В дверь постучали, вошел Эдуард Степанович и остановился в недоумении. «Что это случилось? Лампа вывалилась?» – «Лампа вывалилась», – бессмысленно повторил посол. «Я сейчас скажу, чтобы убрали». Он хотел было спросить Кангарова о здоровье, но раздумал. «Здесь вообще неважно работают. Я на днях стал на стул, чтобы достать книгу, моментально ножка треснула… Я вам не мешаю? Я хотел вам передать: это от короля, – сказал, подавая большой конверт, Эдуард Степанович так почтительно-торжественно, будто король сам только что это принес. – Разрешите вскрыть?» Кангаров кивнул головой. «Темновато тут. Да, это приглашение, от короля вам и Елене Васильевне… Я потом у вас попрошу для моей коллекции, если вы не собираете… Говорят, бал по великолепию затмит все! Они это красиво делают, лучше, чем у нас на Спиридоновке». – «Чем у нас на Спиридоновке», – повторил Кангаров.

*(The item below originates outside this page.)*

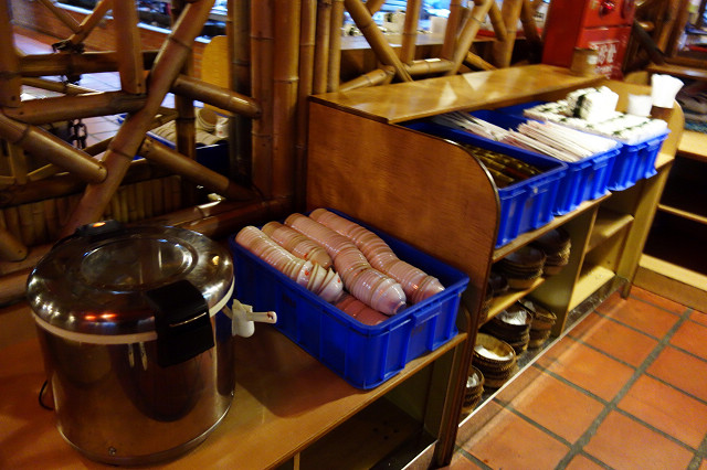 店內的裝潢都是以竹子為主體來打造,有著不同於一般餐廳的格調,在竹子建造的屋簷下用餐,更有著不同的風味。

«Кажется, никакого раута у них сегодня нет? – с легким недоумением спросил себя Серизье, войдя в вестибюль особняка Белланкомбров. – Зачем же, собственно, нужно было звать меня так настойчиво?» Знаменитый адвокат уже несколько недель был своим человеком у графини, и приглашения в этот дом сами по себе ему больше удовольствия не доставляли: в его собственном кругу все знали, что он здесь свой человек; это уже стало частью его светского капитала. Почему-то он думал, что сегодня маленький раут, и надел смокинг. «Отличное клише для бульварного романа или для фильма: «Блестящий раут во дворце графини де Белланкомбр. Дамы в бальных платьях, музыка, шампанское. Тотчас по окончании раута знаменитый адвокат Серизье уезжает прямо на…» Он вздрогнул и подумал, что настраивать себя в этот вечер на иронический лад и бессовестно, и незачем, и не удастся. По дороге из дому он все не мог решить, сказать ли или нет, где он должен быть на рассвете.

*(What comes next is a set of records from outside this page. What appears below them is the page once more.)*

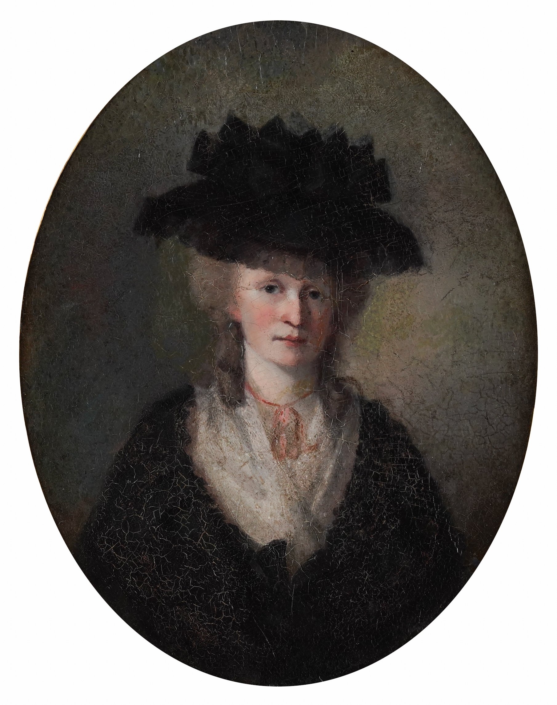 Portrait of a lady wearing a black hat, though to be Cordelia MacKay or Ellen Francis; Portrait of a lady wearing white, thought to be Julia MacKay, a pair
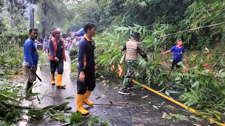 Cuaca ekstrem yang berlangsung sejak pukul 15.30 WIB hingga sekitar pukul 17.00 WIB membuat kondisi tanah di sekitar tepi jalan menjadi labil. Tiupan angin kencang memperparah keadaan, sehingga satu rumpun bambu tumbang dan melintang di badan jalan, membahayakan pengguna jalan yang melintas.
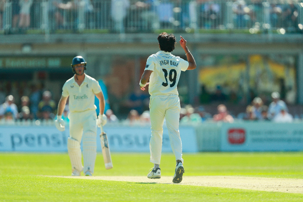 Presented with an opportunity to improve upon the career-best 6-41 he took against Worcestershire at New Road in April 2023, Singh Dale ran in hard, located Ball’s outside edge and raised his arm in celebration before even Bracey had pouched the catch that further reduced the visitors to 414-9.
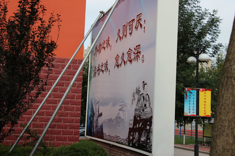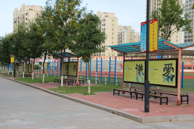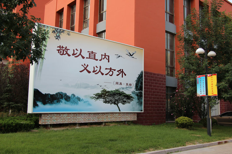 从宿舍区通往教学区的路上,竖立着“敬以直内,义以方外”的牌子。每当路过这里,师生看到上面的字就会提醒自己,要以恭敬慎重的态度作为内心的正直准则,维持内心的真诚;以合乎理义的行为处理外界事务、规范自己的言行。

Своей грузной, переваливающейся походкой он поднялся по лестнице, с легкой досадой чувствуя, что уже поддается ауре дома. К этой ауре он был чувствительнее других людей. Серизье не подлаживался к пожеланиям хозяев тех домов, в которых бывал: он был человек независимый и чуждый подхалимства. Тем не менее у графов де Белланкомбр он говорил и держал себя не так, как в салонах богатых банкиров, а в этих салонах не так, как, например, у профессоров и писателей. Мало того, он себя и чувствовал разным человеком в разных домах. В доме графини де Белланкомбр Серизье чувствовал себя левым социалистом, отстаивающим начало коллективизма и Великой революции в обществе ci-devant’ов[212], – но что же делать, если эти ci-devant’ы все-таки чрезвычайно милые люди, очень его любящие? Поэтому великие начала нужно отстаивать по возможности шутливо, хотя при случае можно и огрызнуться. Такова была его аура в этом доме, и это была очень приятная аура.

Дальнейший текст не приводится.